Stored items
= = = = =

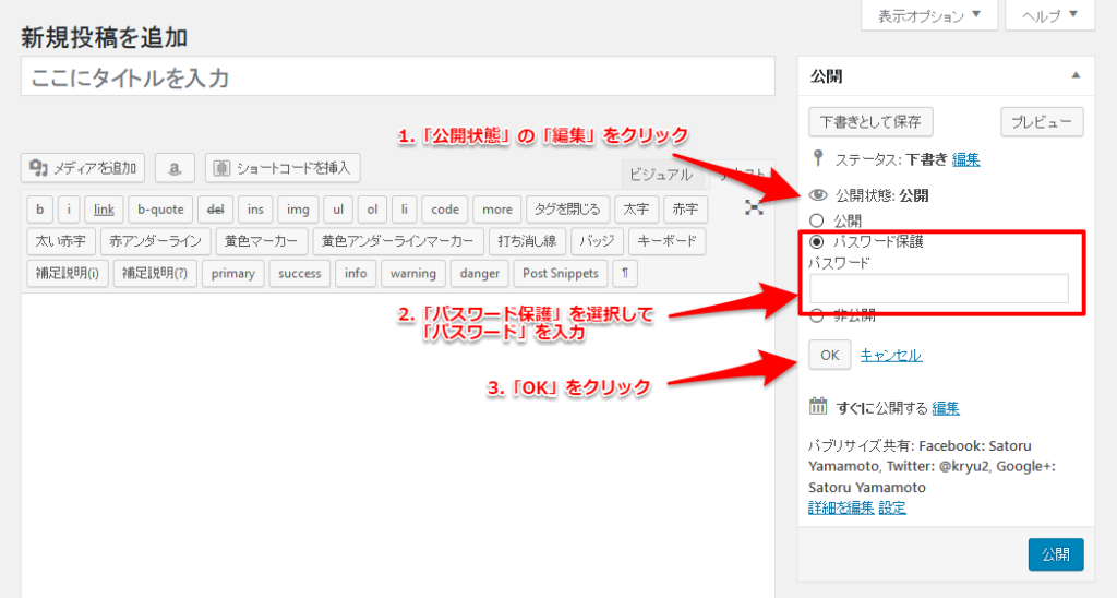 WordPressの投稿や固定ページにある、ページの「公開」情報からパスワードを設定する方法です。
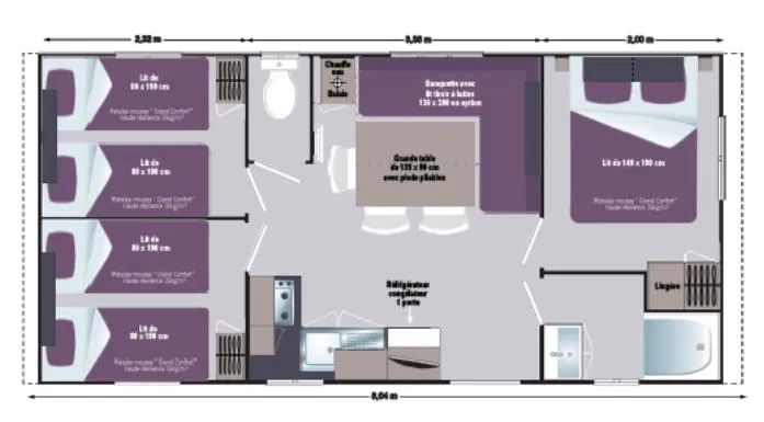 Mobile home 24m² with 2 bedrooms. 1 bathroom with shower, independent lavabo.Wc. 1 living room / kitchen with 4 gas burners, fridge, coffee maker and microwave. 1 wooden terrace with garden furniture. Arrival between 14h and 20h. a deposit of 270 euros will be required. departure must be done before 10 am, the rental must be cleaned and stored as you found it. a sum of € 60 is retained if the rent is not cleaned properly. Animals strictly forbidden.
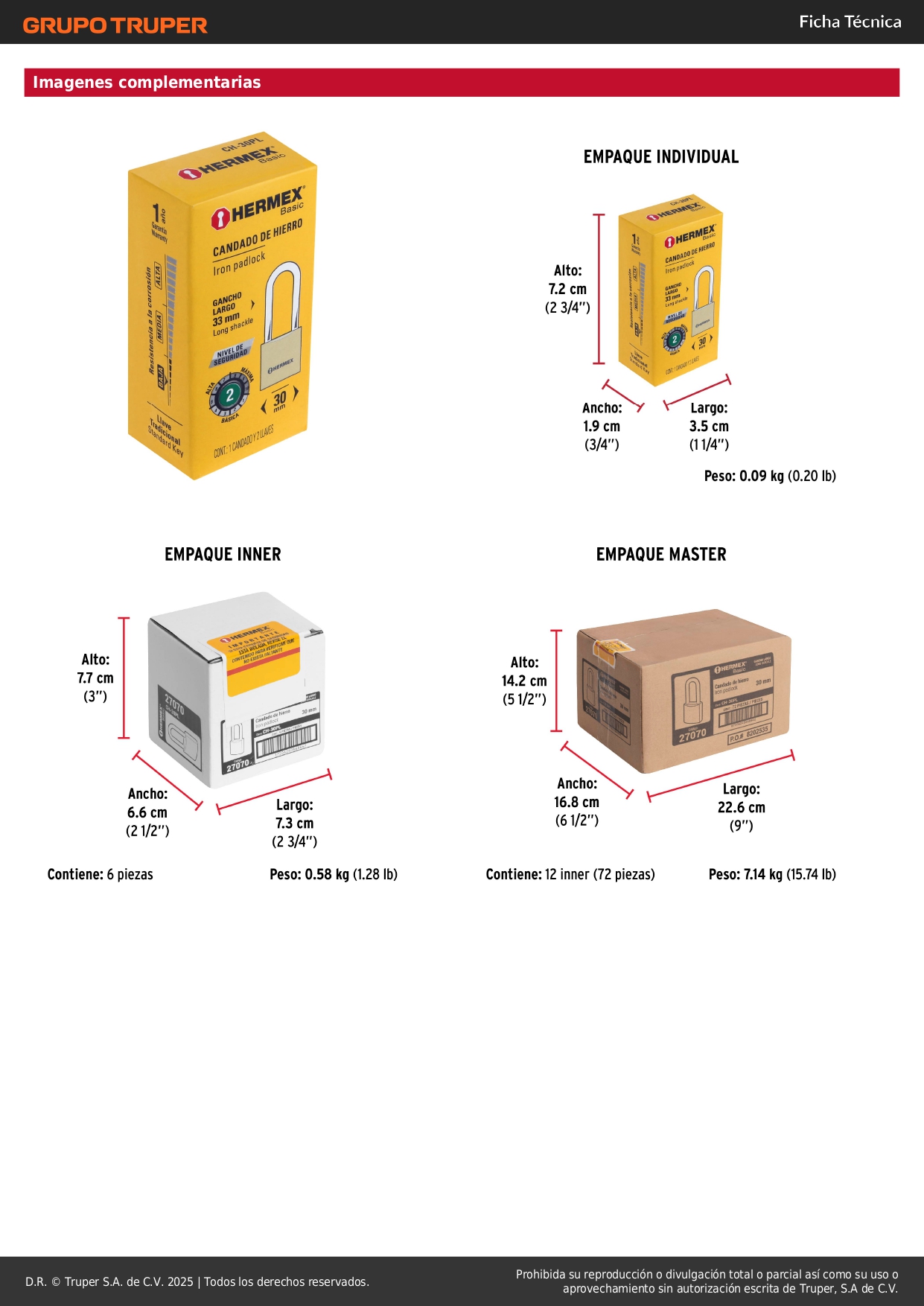 Candado de hierro color latón 30 mm arco largo, caja, Basic Hermex
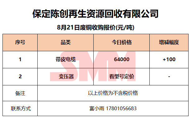 8月21日保定陈创 废金属收购报价
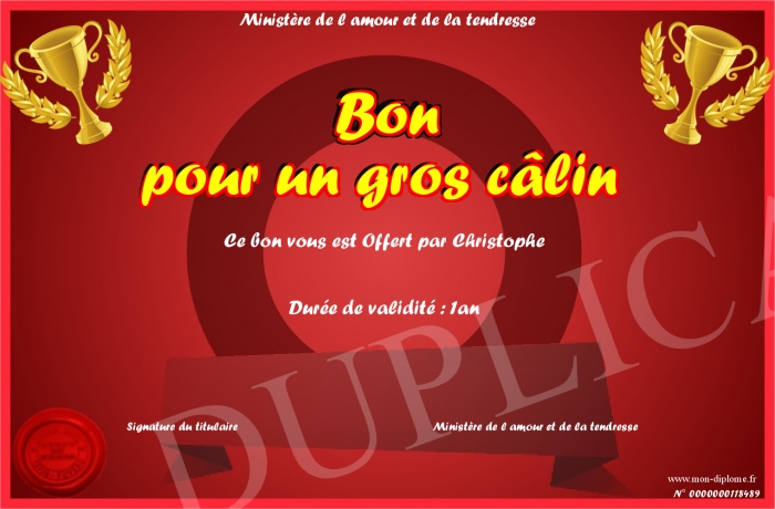 Envoyez par email votre Bon pour un gros câlin personalisé
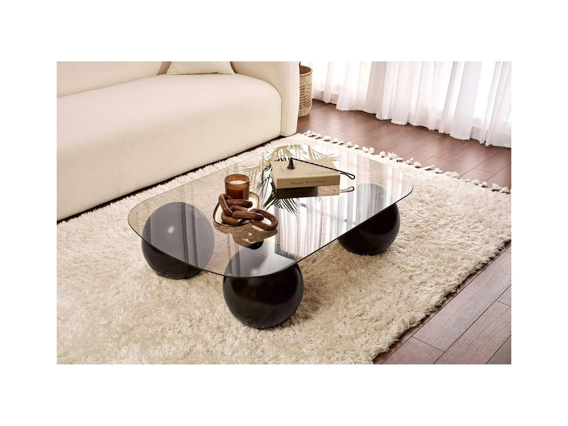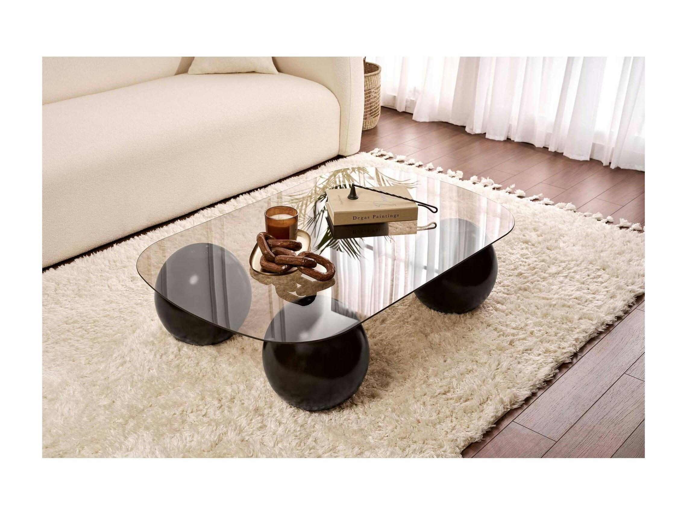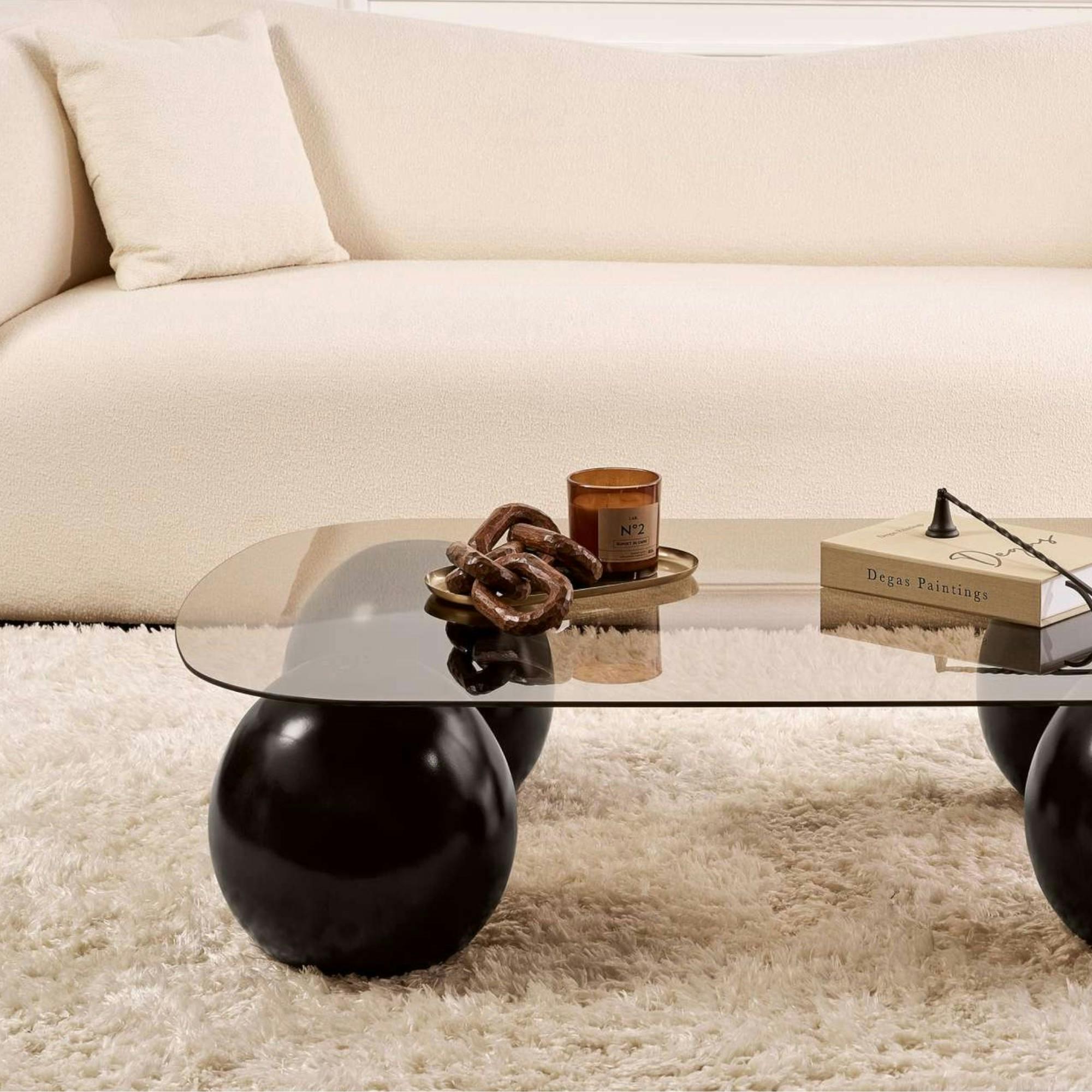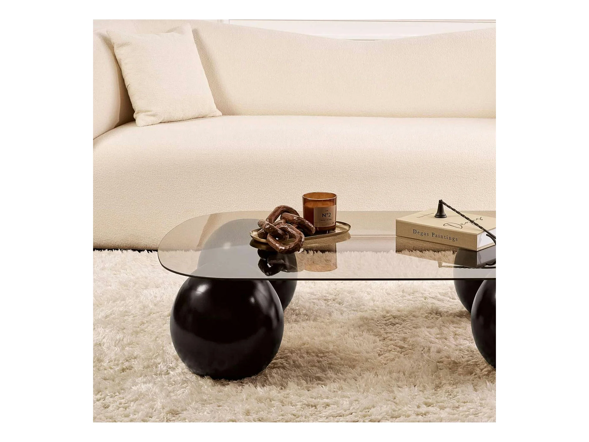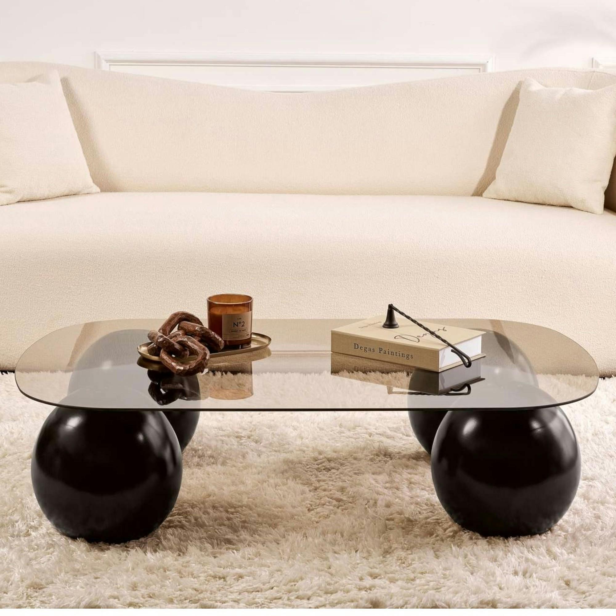 Table basse verre ambré bords arrondis - 4 pieds noirs KOCHI

= = = = =

--- What the exercise asks ---
An exact copy of the records above is needed, with the pictures removed.

--- Task answer ---
 WordPressの投稿や固定ページにある、ページの「公開」情報からパスワードを設定する方法です。
 Mobile home 24m² with 2 bedrooms. 1 bathroom with shower, independent lavabo.Wc. 1 living room / kitchen with 4 gas burners, fridge, coffee maker and microwave. 1 wooden terrace with garden furniture. Arrival between 14h and 20h. a deposit of 270 euros will be required. departure must be done before 10 am, the rental must be cleaned and stored as you found it. a sum of € 60 is retained if the rent is not cleaned properly. Animals strictly forbidden.
 Candado de hierro color latón 30 mm arco largo, caja, Basic Hermex
 8月21日保定陈创 废金属收购报价
 Envoyez par email votre Bon pour un gros câlin personalisé
 Table basse verre ambré bords arrondis - 4 pieds noirs KOCHI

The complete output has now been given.